This paper introduces Long-Short Chain-of-Thought Mixture Supervised Fine-Tuning (LS-Mixture SFT), which combines long and short CoT datasets to fine-tune non-reasoning LLMs, achieving a 2.3% average accuracy improvement and 47.61% response length reduction on reasoning benchmarks.
Supervised Learning, Fine-tuning, Large Language Model, Reasoning, Efficiency
Bin Yu, Hang Yuan, Yuliang Wei, Bailing Wang, Weizhen Qi, Kai Chen
Harbin Institute of Technology, East China Normal University, Zhongguancun Academy, Zhongguancun Institute of Artificial Intelligence
Generated by grok-3
Background Problem
The paper addresses the challenge of transferring reasoning capabilities from large reasoning models (LRMs) to non-reasoning large language models (LLMs) via supervised fine-tuning (SFT) using distilled Chain-of-Thought (CoT) data. A key issue is the ‘overthinking’ problem inherited from teacher models, where student models generate verbose and redundant reasoning chains, leading to inefficiency during inference. The research aims to solve this by enabling non-reasoning models to perform efficient reasoning without sacrificing accuracy, specifically by avoiding the overthinking issue during the distillation stage.
Method
The proposed method, Long-Short Chain-of-Thought Mixture Supervised Fine-Tuning (LS-Mixture SFT), focuses on eliciting efficient reasoning in non-reasoning LLMs. Its core idea is to mix long CoT reasoning trajectories (distilled from LRMs) with their shorter, structure-preserved rewritten versions to train models that balance comprehensive and concise reasoning. The implementation involves three stages:
- Structure-preserved CoT Rewriting: A large language model (Qwen2.5-72B-Instruct) rewrites long CoT trajectories into shorter versions while maintaining logical structure and critical steps using constrained prompts, creating a short CoT dataset.
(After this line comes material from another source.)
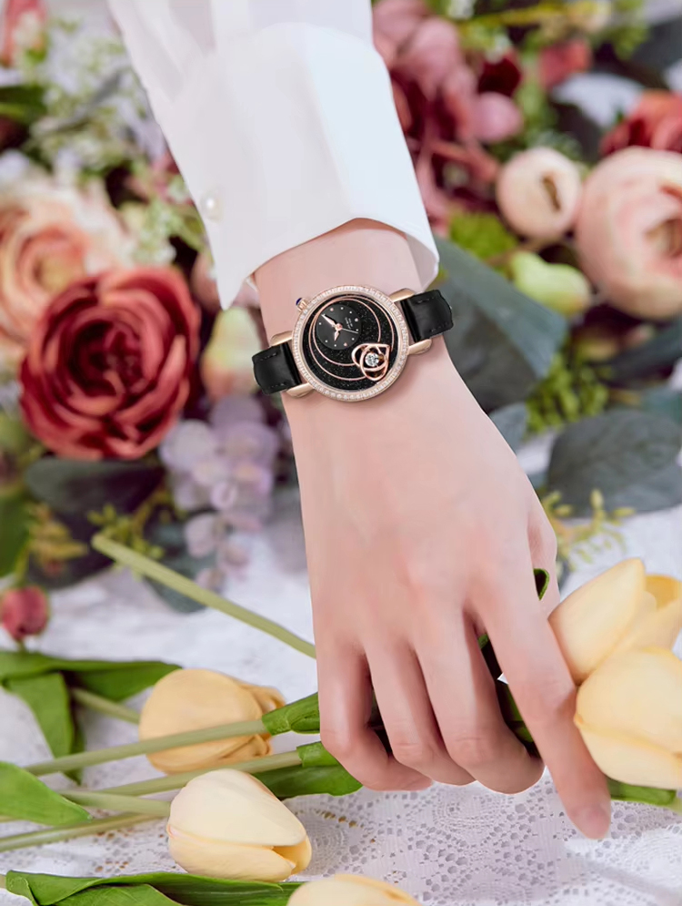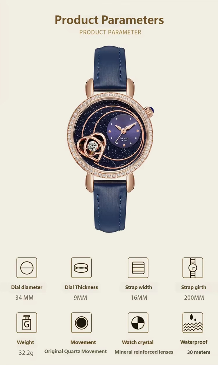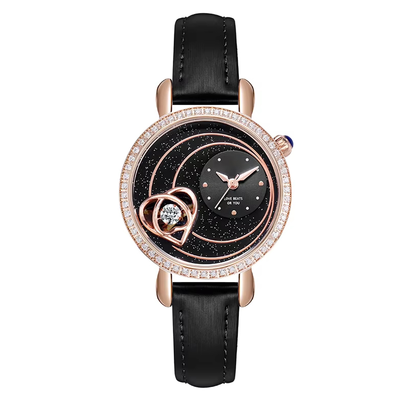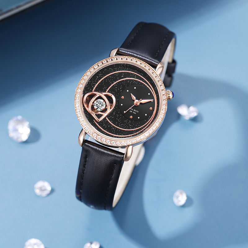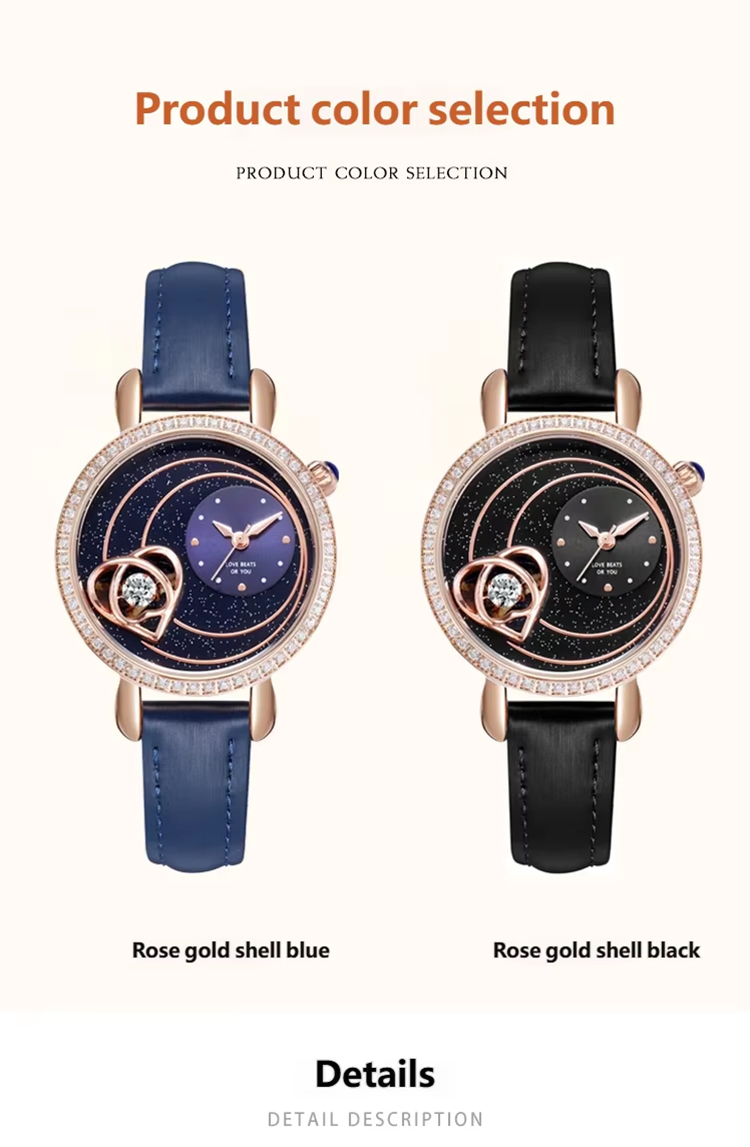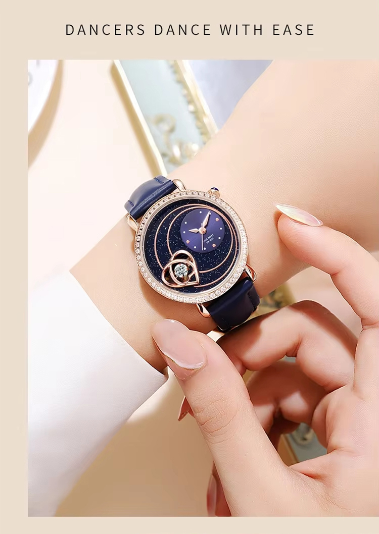 Starry sky watch woman fashion luxury classic casual cute leather strap quartz wristwatch lady girl heart-shaped diamond

- Mixture Supervised Fine-Tuning: The long and short CoT datasets are randomly combined into a mixed dataset (s1K-mix), which is used to fine-tune a non-reasoning LLM (Qwen2.5-32B-Instruct) with special tokens (
, ) to separate reasoning and answer parts, optimizing for both detailed and brief reasoning patterns. - Inference-time Balanced Thinking: During inference, the model uses a balanced thinking prompt to generate reasoning chains that optimize both effectiveness and efficiency, avoiding extremes of overthinking or oversimplification.
Experiment
The experiments were conducted using the s1K-mix dataset, derived from the s1K-1.1 dataset (1,000 long CoT instances from DeepSeek R1), with short CoT versions created via structure-preserved rewriting (984 instances after filtering errors). The setup involved fine-tuning Qwen2.5-32B-Instruct into s1-mix-32B, compared against baselines like s1.1-32B, DeepSeek R1, and OpenAI o1 series on three reasoning benchmarks: MATH500 (math problems), AIME24 (high school math competition), and GPQA Diamond (PhD-level science questions). The design aimed to test both accuracy and response length, reflecting efficiency. Results showed s1-mix-32B outperforming s1.1-32B with accuracy improvements of 2.2% (MATH500), 6.7% (AIME24), and 2% (GPQA), averaging a 2.3% gain, while reducing response length by 47.61%. Ablation studies confirmed the efficacy of structure-preserved rewriting over direct compression and the mixture strategy over long-only or short-only datasets, with balanced thinking mode at inference proving optimal. However, the benchmark selection is narrow, focusing on math and science, which may not generalize to other reasoning tasks. The results match the expectation of improved efficiency and accuracy, but lack qualitative analysis of rewritten CoTs or failure cases.
Further Thoughts
The LS-Mixture SFT approach opens up several avenues for deeper exploration. One intriguing aspect is the potential integration with dynamic mixture ratios—could the proportion of long to short CoT data be adjusted during training based on real-time model performance or task complexity, perhaps using reinforcement learning signals? This could address potential overfitting to either verbose or overly concise reasoning styles. Additionally, the reliance on a specific rewriter model (Qwen2.5-72B-Instruct) raises questions about robustness—how would the method perform with weaker or domain-specific rewriters, and could this introduce biases in the short CoT data? Comparing this approach to other efficiency-focused methods, such as token-budget allocation or reinforcement learning-based compression (as mentioned in related work), might reveal complementary strategies. Furthermore, extending the evaluation to diverse reasoning domains beyond math and science, such as commonsense reasoning or ethical dilemmas, could validate the generalizability of the method. Finally, connecting this to broader AI safety and alignment research, concise reasoning could reduce interpretability challenges in LLMs, but might also risk losing critical intermediate steps needed for transparency—how can this trade-off be managed?